Your assignment -> Pictures in the records below must be left out. Return exactly the lines from the line with "잘 가져온게 보인다." to the line with "德甲第25輪,拜仁主場(ch", both included.

Records supplied ->
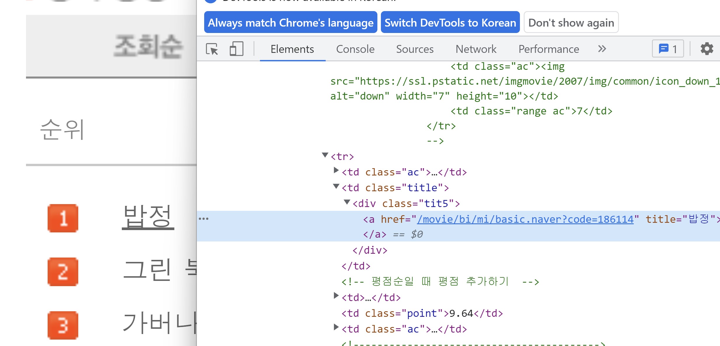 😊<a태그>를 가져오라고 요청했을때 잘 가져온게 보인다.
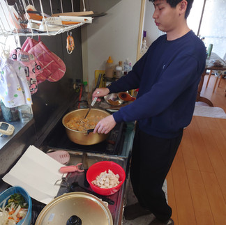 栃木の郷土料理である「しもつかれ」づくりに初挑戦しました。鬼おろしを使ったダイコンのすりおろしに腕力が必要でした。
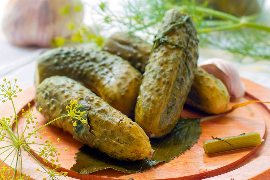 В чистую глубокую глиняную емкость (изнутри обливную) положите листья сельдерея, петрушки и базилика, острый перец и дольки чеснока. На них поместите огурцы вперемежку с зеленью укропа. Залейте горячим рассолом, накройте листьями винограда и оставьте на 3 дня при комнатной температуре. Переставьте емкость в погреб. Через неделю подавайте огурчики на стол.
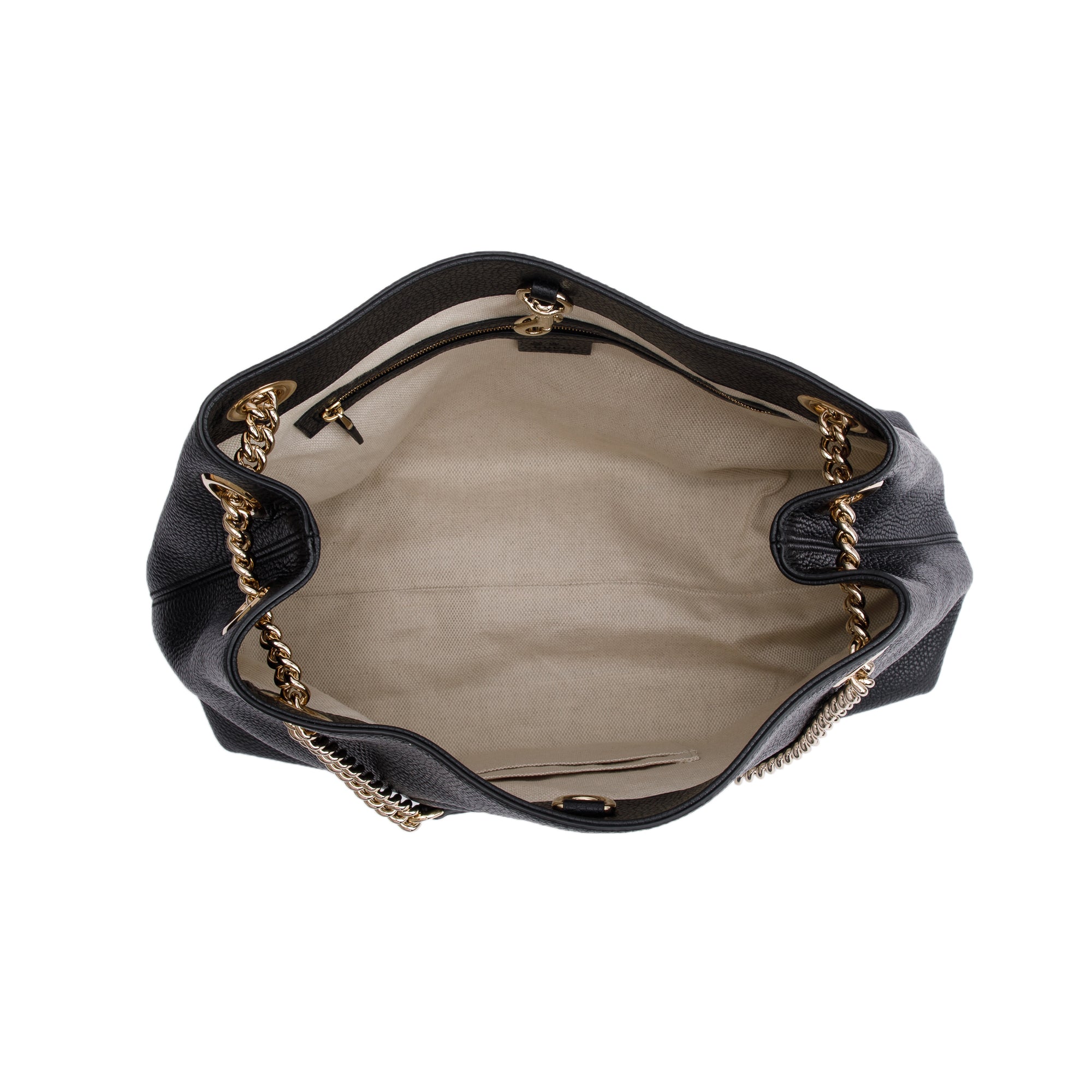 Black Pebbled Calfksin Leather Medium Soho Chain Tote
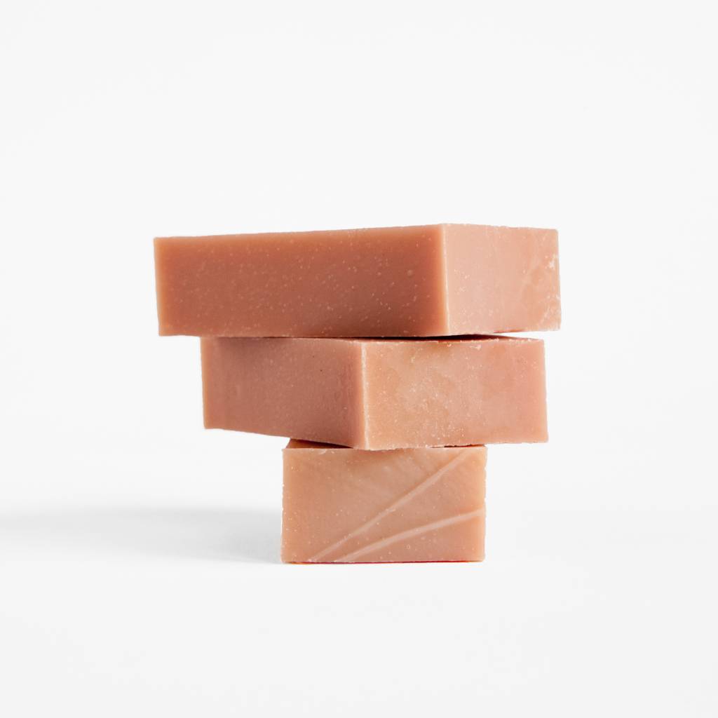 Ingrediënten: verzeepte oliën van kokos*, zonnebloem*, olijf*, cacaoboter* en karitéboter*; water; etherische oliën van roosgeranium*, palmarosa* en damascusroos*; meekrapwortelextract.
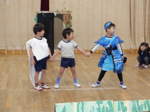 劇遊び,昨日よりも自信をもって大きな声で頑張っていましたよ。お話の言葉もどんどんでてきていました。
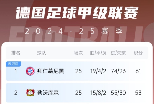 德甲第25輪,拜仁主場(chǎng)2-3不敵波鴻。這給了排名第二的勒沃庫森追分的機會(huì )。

---

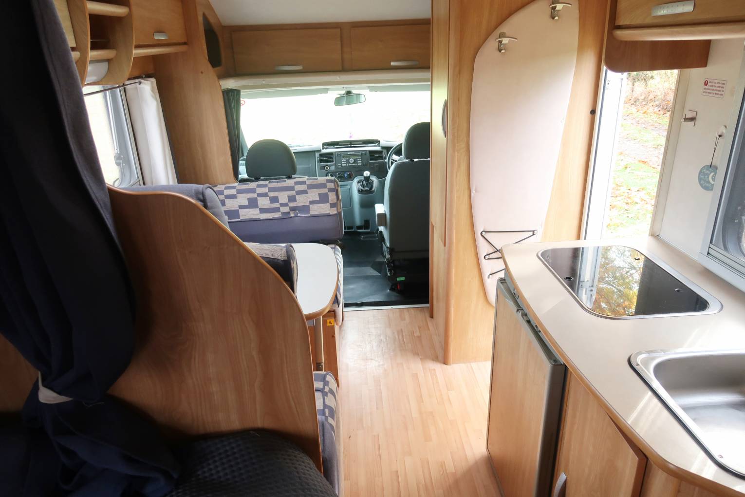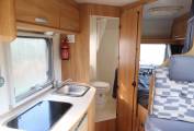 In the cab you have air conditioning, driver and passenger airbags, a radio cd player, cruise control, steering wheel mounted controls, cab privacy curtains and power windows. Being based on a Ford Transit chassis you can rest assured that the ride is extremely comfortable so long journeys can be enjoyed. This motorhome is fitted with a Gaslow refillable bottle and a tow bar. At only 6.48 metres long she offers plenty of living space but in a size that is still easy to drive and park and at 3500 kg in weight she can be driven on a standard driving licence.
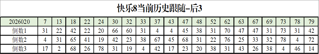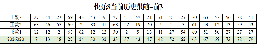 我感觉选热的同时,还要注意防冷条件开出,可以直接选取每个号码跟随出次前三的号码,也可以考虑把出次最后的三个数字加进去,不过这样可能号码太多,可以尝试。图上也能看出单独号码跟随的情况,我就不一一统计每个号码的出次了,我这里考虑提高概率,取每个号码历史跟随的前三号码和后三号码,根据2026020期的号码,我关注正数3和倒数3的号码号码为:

Written response ->
 😊<a태그>를 가져오라고 요청했을때 잘 가져온게 보인다.
 栃木の郷土料理である「しもつかれ」づくりに初挑戦しました。鬼おろしを使ったダイコンのすりおろしに腕力が必要でした。
 В чистую глубокую глиняную емкость (изнутри обливную) положите листья сельдерея, петрушки и базилика, острый перец и дольки чеснока. На них поместите огурцы вперемежку с зеленью укропа. Залейте горячим рассолом, накройте листьями винограда и оставьте на 3 дня при комнатной температуре. Переставьте емкость в погреб. Через неделю подавайте огурчики на стол.
 Black Pebbled Calfksin Leather Medium Soho Chain Tote
 Ingrediënten: verzeepte oliën van kokos*, zonnebloem*, olijf*, cacaoboter* en karitéboter*; water; etherische oliën van roosgeranium*, palmarosa* en damascusroos*; meekrapwortelextract.
 劇遊び,昨日よりも自信をもって大きな声で頑張っていましたよ。お話の言葉もどんどんでてきていました。
 德甲第25輪,拜仁主場(chǎng)2-3不敵波鴻。這給了排名第二的勒沃庫森追分的機會(huì )。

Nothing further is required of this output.